Available data:

---

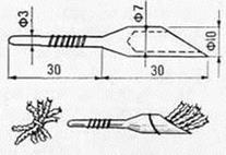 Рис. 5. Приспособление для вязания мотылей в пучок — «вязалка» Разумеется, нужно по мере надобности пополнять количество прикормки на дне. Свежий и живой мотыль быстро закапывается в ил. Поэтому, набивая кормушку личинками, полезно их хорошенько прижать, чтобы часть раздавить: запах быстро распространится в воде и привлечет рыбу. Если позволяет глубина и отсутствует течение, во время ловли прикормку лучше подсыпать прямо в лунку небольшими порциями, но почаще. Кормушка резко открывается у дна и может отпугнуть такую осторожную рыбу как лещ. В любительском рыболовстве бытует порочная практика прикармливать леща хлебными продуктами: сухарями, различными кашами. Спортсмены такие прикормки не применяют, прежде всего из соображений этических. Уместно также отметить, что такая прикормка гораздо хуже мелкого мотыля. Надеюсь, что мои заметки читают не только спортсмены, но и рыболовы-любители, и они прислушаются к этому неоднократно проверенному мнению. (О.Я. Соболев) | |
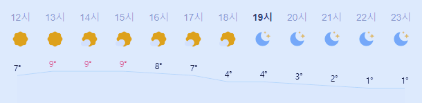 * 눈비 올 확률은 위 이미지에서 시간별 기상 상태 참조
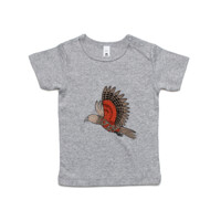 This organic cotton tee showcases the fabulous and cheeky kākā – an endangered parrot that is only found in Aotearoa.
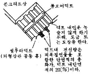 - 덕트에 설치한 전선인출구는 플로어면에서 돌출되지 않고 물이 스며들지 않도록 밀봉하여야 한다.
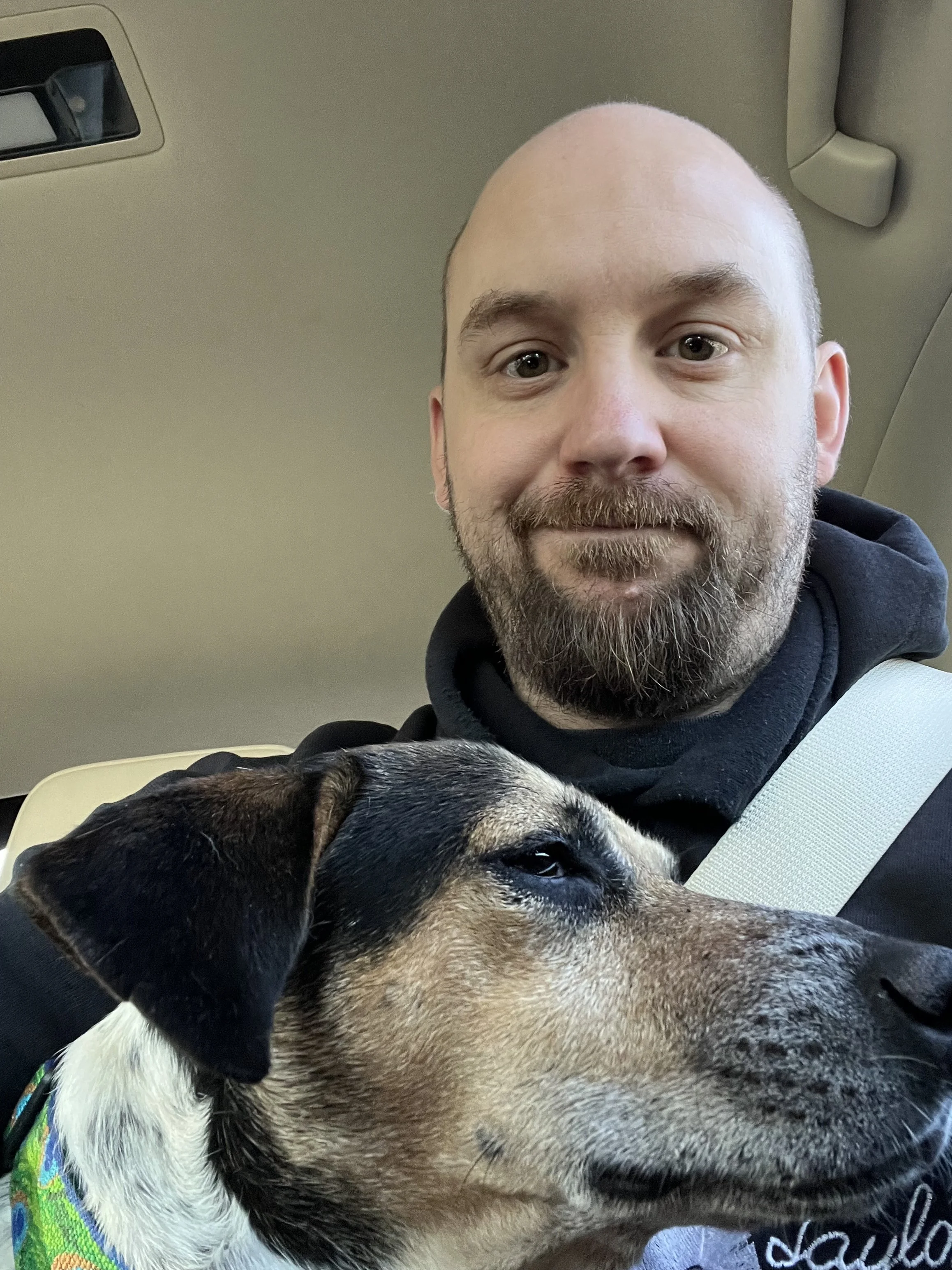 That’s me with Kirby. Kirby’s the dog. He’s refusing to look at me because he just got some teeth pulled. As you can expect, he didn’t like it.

---

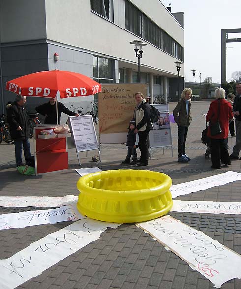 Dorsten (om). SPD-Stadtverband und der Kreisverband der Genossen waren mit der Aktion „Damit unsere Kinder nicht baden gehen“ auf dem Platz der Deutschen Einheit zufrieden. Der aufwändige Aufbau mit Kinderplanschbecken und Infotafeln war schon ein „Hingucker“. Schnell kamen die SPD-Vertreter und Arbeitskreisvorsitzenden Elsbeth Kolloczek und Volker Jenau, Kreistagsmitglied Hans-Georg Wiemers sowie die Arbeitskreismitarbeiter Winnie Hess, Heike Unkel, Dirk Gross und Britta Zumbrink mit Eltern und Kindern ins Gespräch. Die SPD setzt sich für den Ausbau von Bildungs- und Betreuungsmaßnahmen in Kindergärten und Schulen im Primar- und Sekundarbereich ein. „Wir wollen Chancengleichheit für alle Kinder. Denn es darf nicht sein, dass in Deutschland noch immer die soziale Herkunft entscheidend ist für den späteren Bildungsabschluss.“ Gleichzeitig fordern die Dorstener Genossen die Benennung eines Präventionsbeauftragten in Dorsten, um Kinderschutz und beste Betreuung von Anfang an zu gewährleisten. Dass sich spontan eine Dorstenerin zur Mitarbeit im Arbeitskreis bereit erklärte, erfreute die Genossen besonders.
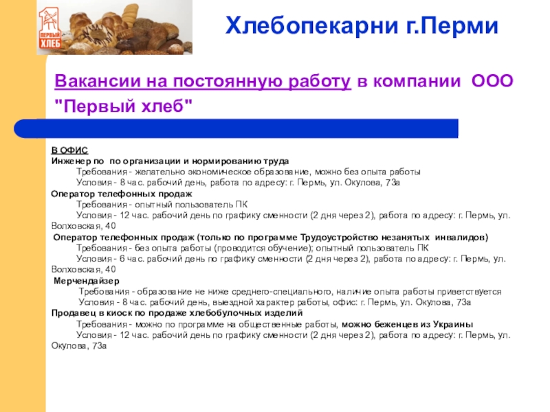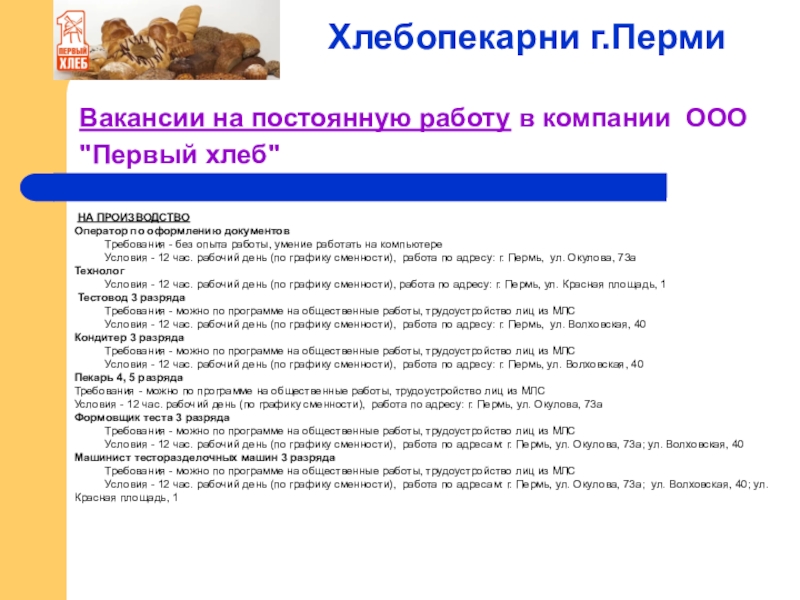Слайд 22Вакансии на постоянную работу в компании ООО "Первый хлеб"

---

Activity:
In the data above, find the line with "- 덕트에 설치한 전선인출구는" and the line with "That’s me with". Please copy exactly those two lines and every line between them, but not the pictures.

Written response:
 - 덕트에 설치한 전선인출구는 플로어면에서 돌출되지 않고 물이 스며들지 않도록 밀봉하여야 한다.
 That’s me with Kirby. Kirby’s the dog. He’s refusing to look at me because he just got some teeth pulled. As you can expect, he didn’t like it.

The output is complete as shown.